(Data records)
--- START ---

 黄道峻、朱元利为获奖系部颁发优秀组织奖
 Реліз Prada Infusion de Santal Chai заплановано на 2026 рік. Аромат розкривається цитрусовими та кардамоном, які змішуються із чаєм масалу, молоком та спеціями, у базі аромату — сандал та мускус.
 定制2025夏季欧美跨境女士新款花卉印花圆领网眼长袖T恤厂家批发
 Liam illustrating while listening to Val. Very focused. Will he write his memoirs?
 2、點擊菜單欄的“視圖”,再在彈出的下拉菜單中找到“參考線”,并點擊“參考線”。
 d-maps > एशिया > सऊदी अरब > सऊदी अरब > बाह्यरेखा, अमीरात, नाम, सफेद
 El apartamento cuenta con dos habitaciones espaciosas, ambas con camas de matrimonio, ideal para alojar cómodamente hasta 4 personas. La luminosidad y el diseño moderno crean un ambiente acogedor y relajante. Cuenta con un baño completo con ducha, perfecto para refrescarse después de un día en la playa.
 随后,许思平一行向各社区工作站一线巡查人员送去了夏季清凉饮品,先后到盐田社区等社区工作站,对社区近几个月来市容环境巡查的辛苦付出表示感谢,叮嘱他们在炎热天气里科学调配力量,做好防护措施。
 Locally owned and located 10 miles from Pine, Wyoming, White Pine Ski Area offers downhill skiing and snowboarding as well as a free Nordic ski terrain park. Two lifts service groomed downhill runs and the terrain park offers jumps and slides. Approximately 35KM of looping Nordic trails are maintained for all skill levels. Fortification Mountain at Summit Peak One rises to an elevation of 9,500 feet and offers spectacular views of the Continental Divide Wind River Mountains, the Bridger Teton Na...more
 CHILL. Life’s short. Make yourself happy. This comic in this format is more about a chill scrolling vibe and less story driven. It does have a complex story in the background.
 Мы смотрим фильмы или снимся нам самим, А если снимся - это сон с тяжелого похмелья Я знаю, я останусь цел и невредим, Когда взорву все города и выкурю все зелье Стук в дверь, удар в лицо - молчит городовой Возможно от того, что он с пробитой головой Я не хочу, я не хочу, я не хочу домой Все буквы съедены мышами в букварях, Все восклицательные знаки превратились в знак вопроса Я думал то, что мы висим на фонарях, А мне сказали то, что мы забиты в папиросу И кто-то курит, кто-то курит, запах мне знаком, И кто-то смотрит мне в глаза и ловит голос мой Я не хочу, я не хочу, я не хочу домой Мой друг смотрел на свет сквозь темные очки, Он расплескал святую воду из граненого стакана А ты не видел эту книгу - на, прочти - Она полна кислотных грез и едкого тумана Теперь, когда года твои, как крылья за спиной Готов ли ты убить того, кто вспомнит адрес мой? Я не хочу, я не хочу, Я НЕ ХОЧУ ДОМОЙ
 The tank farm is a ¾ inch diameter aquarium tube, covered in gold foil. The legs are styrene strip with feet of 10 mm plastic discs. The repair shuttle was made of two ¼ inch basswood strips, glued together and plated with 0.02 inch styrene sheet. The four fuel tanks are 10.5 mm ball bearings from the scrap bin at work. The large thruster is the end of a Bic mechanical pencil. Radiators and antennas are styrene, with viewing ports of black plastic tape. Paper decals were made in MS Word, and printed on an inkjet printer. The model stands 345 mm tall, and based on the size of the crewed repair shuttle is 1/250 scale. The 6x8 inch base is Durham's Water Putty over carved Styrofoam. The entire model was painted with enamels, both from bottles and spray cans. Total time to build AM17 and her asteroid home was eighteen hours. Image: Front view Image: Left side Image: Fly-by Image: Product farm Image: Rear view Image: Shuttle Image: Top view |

--- END ---

Every line above holding the string "from" should be listed.

◆ **SOLUTION TO THIS TASK**:
 Locally owned and located 10 miles from Pine, Wyoming, White Pine Ski Area offers downhill skiing and snowboarding as well as a free Nordic ski terrain park. Two lifts service groomed downhill runs and the terrain park offers jumps and slides. Approximately 35KM of looping Nordic trails are maintained for all skill levels. Fortification Mountain at Summit Peak One rises to an elevation of 9,500 feet and offers spectacular views of the Continental Divide Wind River Mountains, the Bridger Teton Na...more
 The tank farm is a ¾ inch diameter aquarium tube, covered in gold foil. The legs are styrene strip with feet of 10 mm plastic discs. The repair shuttle was made of two ¼ inch basswood strips, glued together and plated with 0.02 inch styrene sheet. The four fuel tanks are 10.5 mm ball bearings from the scrap bin at work. The large thruster is the end of a Bic mechanical pencil. Radiators and antennas are styrene, with viewing ports of black plastic tape. Paper decals were made in MS Word, and printed on an inkjet printer. The model stands 345 mm tall, and based on the size of the crewed repair shuttle is 1/250 scale. The 6x8 inch base is Durham's Water Putty over carved Styrofoam. The entire model was painted with enamels, both from bottles and spray cans. Total time to build AM17 and her asteroid home was eighteen hours. Image: Front view Image: Left side Image: Fly-by Image: Product farm Image: Rear view Image: Shuttle Image: Top view |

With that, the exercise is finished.